Does anyone have expierence with mercury lights? The light on my pole barn is shutting itself down, then restarting in a couple of minutes. I was initially thinking this was O.K., if someone was snooping around it would probably scare the hell out of'em. The I realized it is more of a pain in the a**, when I am working outside. Anyway, does this sound like a sensor (assuming they have one that can be changed)? Or do I need to replace the hole "unit"? Is this a do-it-yourself, or a pro's job?
Thanks,
Mark


----------



## wally-eye (Oct 27, 2004)

I just went thru this issue last year. Tried 3 different bulbs, at thirty bucks a pop. They would work for a month then start the going off and on and I would have to replace them. Well finally got mad and just replaced the entire light. NO problems since I put the new light assembly in..........initial inspection didn't show any problem but installing the new one did the trick.


----------



## Ferg (Dec 17, 2002)

They have a kind of 'ballest' in them - we use them here in the shop/warehouse and what's happening is the ballest is overheating - when it gets too hot it shuts down and then cools back down it will come on again - 

Replace the ballest - if its the type than can be changed - otherwise your left with what Wally-eye guy had to do - replace it - 

ferg....


----------



## graybeard (Jan 4, 2006)

I just had trouble withe my light,Replace the photo eye on the very top of the light.It just twist off.
You can buy them at any hardware for about $8.00


----------



## FISHMANMARK (Jun 11, 2007)

I guess I'll start with the "photo eye", while I'm changing that, I check to see if the ballast is removable, if that doesn't work I'll replace it. With my luck, I'm sure I'll end up doing all three! 
thanks for the input


----------



## InTheRiver (May 15, 2006)

Oh man mine just went out the other night I hope its just the bulb


----------



## wally-eye (Oct 27, 2004)

Whats really funny is that an entire new mercury light isn't a heck of a lot more than a new bulb AND with the new light you get a new bulb with it.


----------



## jpollman (Jan 14, 2001)

wally-eye said:


> Whats really funny is that an entire new mercury light isn't a heck of a lot more than a new bulb AND with the new light you get a new bulb with it.
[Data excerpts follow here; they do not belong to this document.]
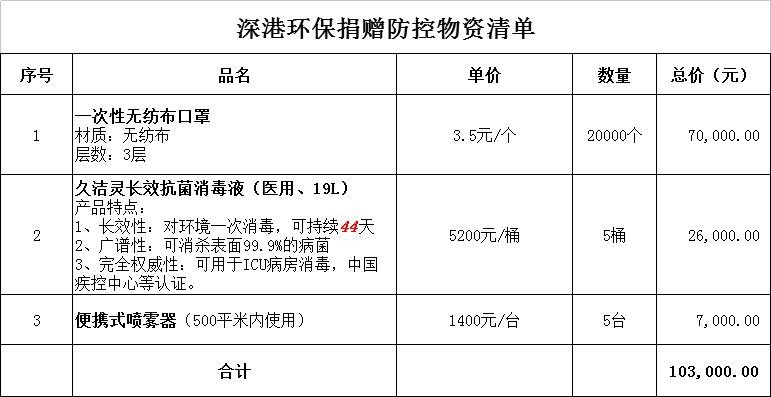 近日,深圳市深港产学研环保工程技术股份有限公司一行3人,将20000只口罩、5桶抗菌消毒液(医用19L)、5台便携式喷雾器,共计十余万元的抗疫物资送到醴陵市住建局,支持住建系统的疫情防控工作。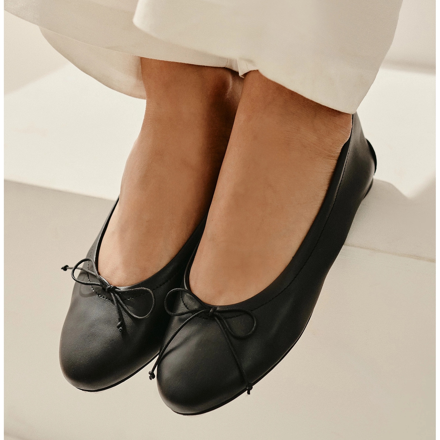 Marco Shoes - Passo Ballet in Classic Black, kombinující eleganci s každodenním pohodlím. Vyrobeno z přirozené zrna kůže, ve verzi s nehranitou, se dokonale přizpůsobují tvaru nohy a jemný luk z tkaniček umožňuje individuální přizpůsobení. Dva -částici, flexibilní podešev umožňuje volné ohýbání boty, což se během každého kroku promítá do výjimečného pohodlí.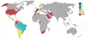 | 17 | إسبانيا | 1 | 1 | 1 | 4 | 8 | 4 | 4 |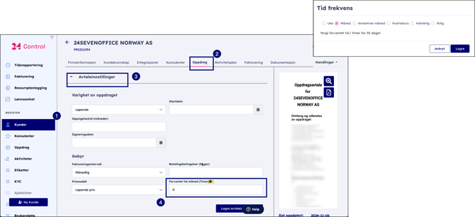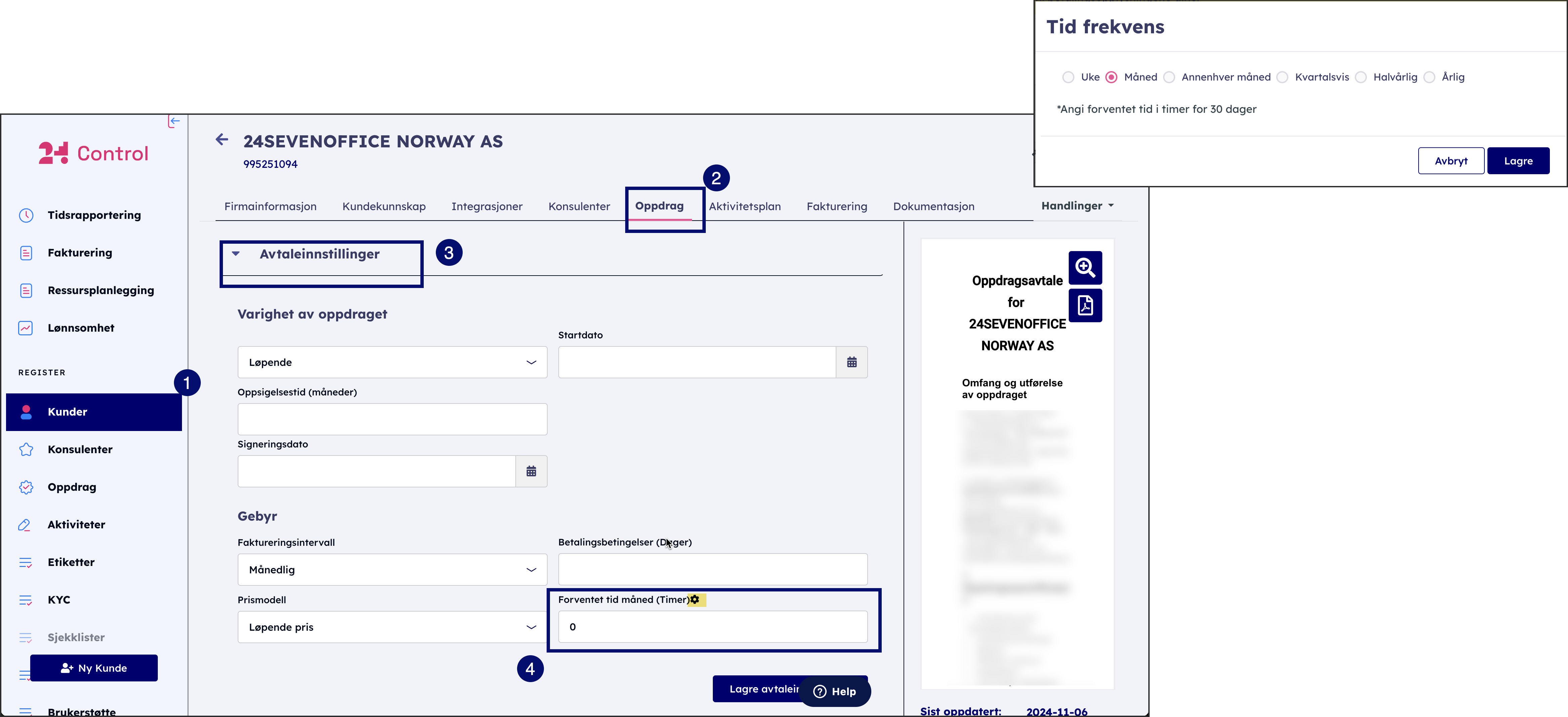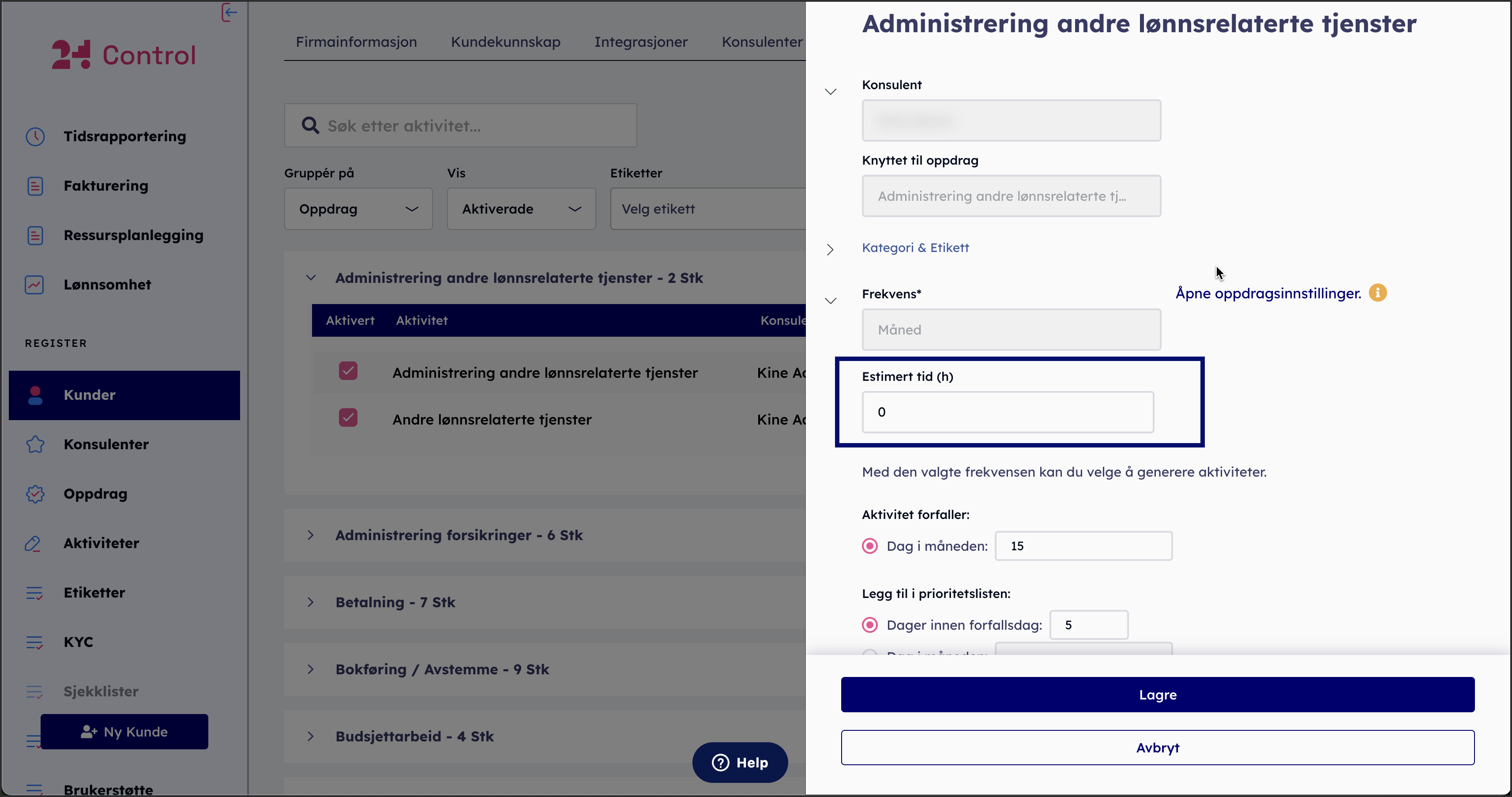 I feltet Estimert tid angir regnskapsføreren hvor lang tid oppdraget er forventet å ta for valgt intervall (måned, år, uke, osv.).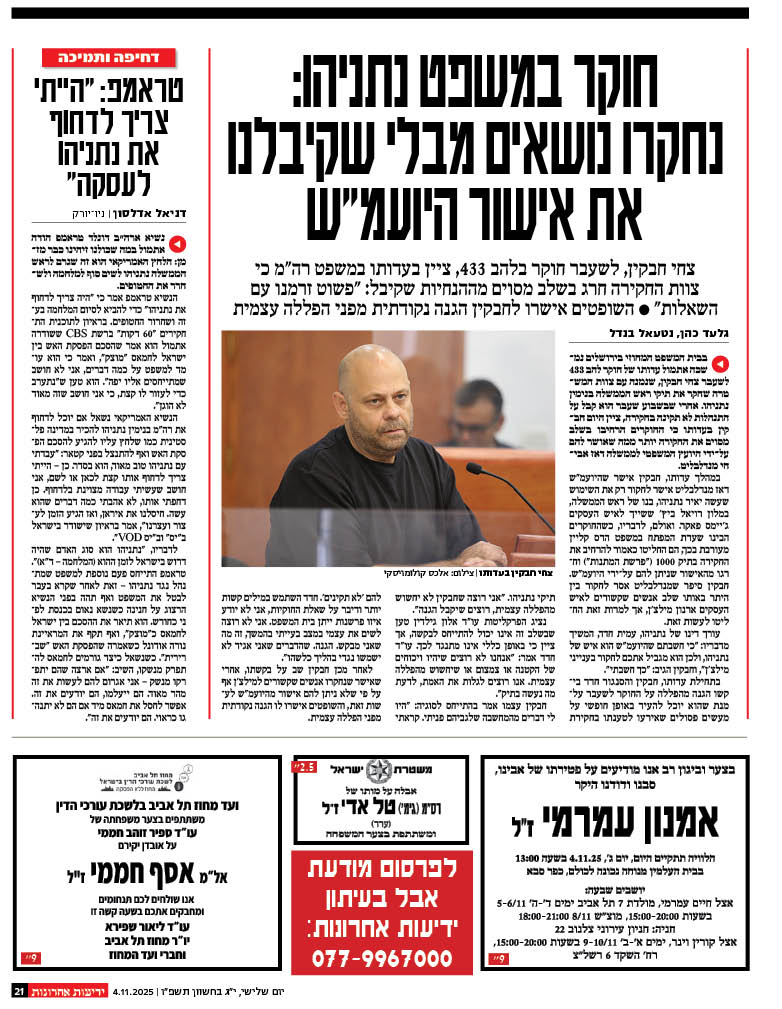 לפרסום מודעות אבל בעיתון ידיעות אחרונות חייגו 077-9967000

That's what I was going to say.

But it sounds like an overheating issue to me. There's probably a thermally protected ballast in it. When it gets too hot it shuts down and then cools off. When the temp falls to a safe level it comes back on. 

Hope it's a cheap fix for ya.

John


----------



## FISHMANMARK (Jun 11, 2007)

Jpollman, wally-eye - thanks. I always forget that saying, "spend a dollar to save a dime". Instead of screwing around for a complete weekend, new light it is...
Thanks


----------



## huntingmaniac45 (Nov 22, 2005)

Just for future reference. This situation is usally the bulb first, then the ballast. If it was the photo eye, it would probably stay on all the time, or not at all. But I agree, a new fixture gives you everything.


----------



## ESOX (Nov 20, 2000)

Replace the mercury light with a sodium light. (HPS) You will get better light with a huge savings in electricity.


----------



## outdoor_m_i_k_e (Feb 3, 2005)

ever check the bulb fluid? might be the problem


----------